HPC Engineer - Contract via Umbrella - Cambridge/Hybrid
HPC Engineer - Contract via Umbrella - Cambridge/Hybrid
Location: Cambridge, hybrid (ideal 3 days onsite)
Market rate
Description
We're looking for an HPC Engineer to join our team in the United Kingdom in a hybrid working mode (ideal 3 days onsite). In this role, you will help build and operate industry-leading high-performance computing (HPC) capabilities, including application build frameworks, containerized applications and cloud-based services. You will work closely with the scientific community to deliver high-quality HPC services, leveraging automation, infrastructure-as-code and DevOps practices to ensure scalability, reliability and performance in a rapidly evolving HPC landscape.
Responsibilities
- Design, implement and maintain robust platform infrastructure using Infrastructure as Code (IaC) tools such as Terraform
- Develop, deliver and operate research computing services and applications
- Take a Site Reliability Engineering approach to HPC services, managing development, deployment, monitoring and incident response end-to-end
- Solve complex technical problems related to HPC services and user workflows
- Drive innovative computational solutions and exploit emerging technologies
- Administer large-scale cluster and server computing environments and related software (eg, Slurm, LSF, Grid Engine)

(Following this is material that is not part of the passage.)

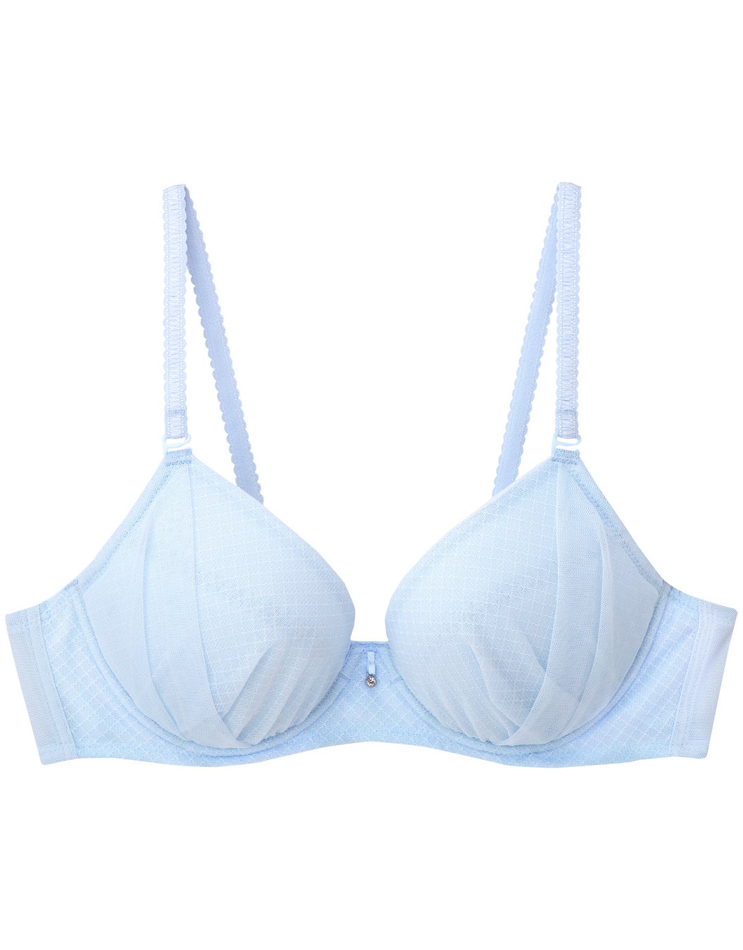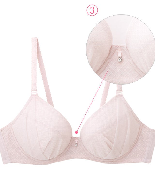 ブラジャー前中心部分のワイヤーをなくし、ワイヤーの痛さを感じにくい設計を採用しています。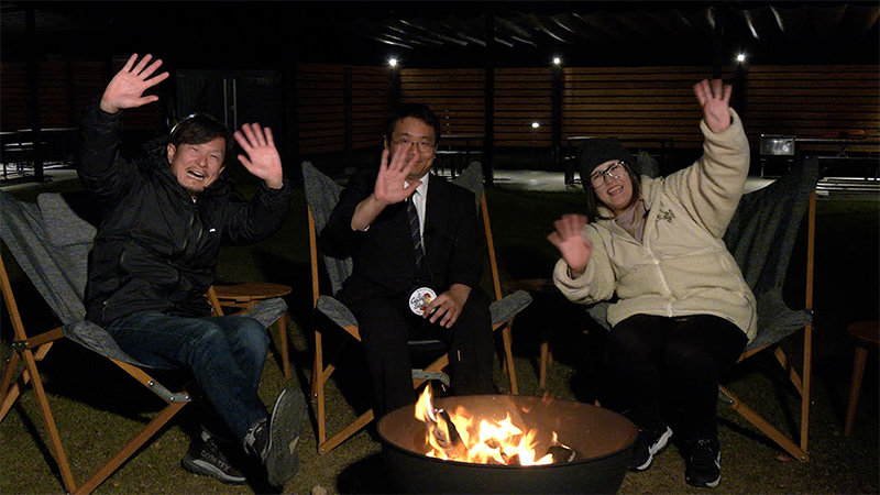 今回も大阪市内から車でおよそ1時間半、関西トップクラスの広さを誇る道の駅 四季の郷公園内にある宿泊施設「かなたのさと」へ! 和歌山の四季を感じ、豊かな食に触れ、自然に抱かれながら心を満たせるヴィラリゾートです。まずは山本さんのOrange紹介コーナーに、アパレル館の紅一点「あいちゃん」こと大西愛里さんが登場! 大西さんはアパレルの知識はもちろん豊富で、さらにインスタのモデルとしても大活躍してるんです。そして「かなたのさと」支配人、スーツ姿の山下さんと一緒にちむちむのボードゲームコーナー! 今回は室内で焚火を楽しめるかわいいアクションミニゲーム「タキビブロック」で、大のオトナ3人がテーブル上で熱いバトルを繰り広げます。息が詰まりそうな真剣モードなのになぜか爆笑連発、白熱の勝負の行方は果たして…? 今回も楽しさいっぱいのキャンプスタイル、お見逃しなく!

- Apply DevOps practices and agile methodologies for HPC operations
- Manage virtualized private cloud resources (eg, OpenStack)
- Implement and administer large-scale parallel filesystems (eg, Weka, GPFS, Lustre)
- Use configuration management tools (eg, Ansible, Salt, Puppet) for IT operations
- Develop scripts and tools for HPC and DevOps operations using Bash and Python
Requirements
- 10+ years of experience operating or engineering large-scale computing environments (HPC, HTC or BC)
- Strong understanding of Linux system administration, TCP/IP stack and storage subsystems
- Experience with high-speed networks (eg, InfiniBand)
- Proven experience with configuration management and automation frameworks
- Hands-on experience with DevOps processes and agile methodologies
- Drive innovative computational solutions and exploit emerging technologies
- Experience in developing and managing relationships with third-party suppliers
- Scientific degree and/or experience in computationally intensive scientific data analysis
- Previous experience in large-scale HPC environments (>10,000 cores)
Additional
- Experience with public cloud infrastructure (AWS, Azure, GCP)
- Experience managing virtualized private cloud environments (eg, OpenStack)
- Familiarity with container technologies (LXD, Singularity, Docker, Kubernetes)
- Development experience with programming languages and tools (Java/C++, Python/Ruby/Perl, SQL)
- Experience with HashiCorp tools (Terraform, Vault, Consul, Nomad)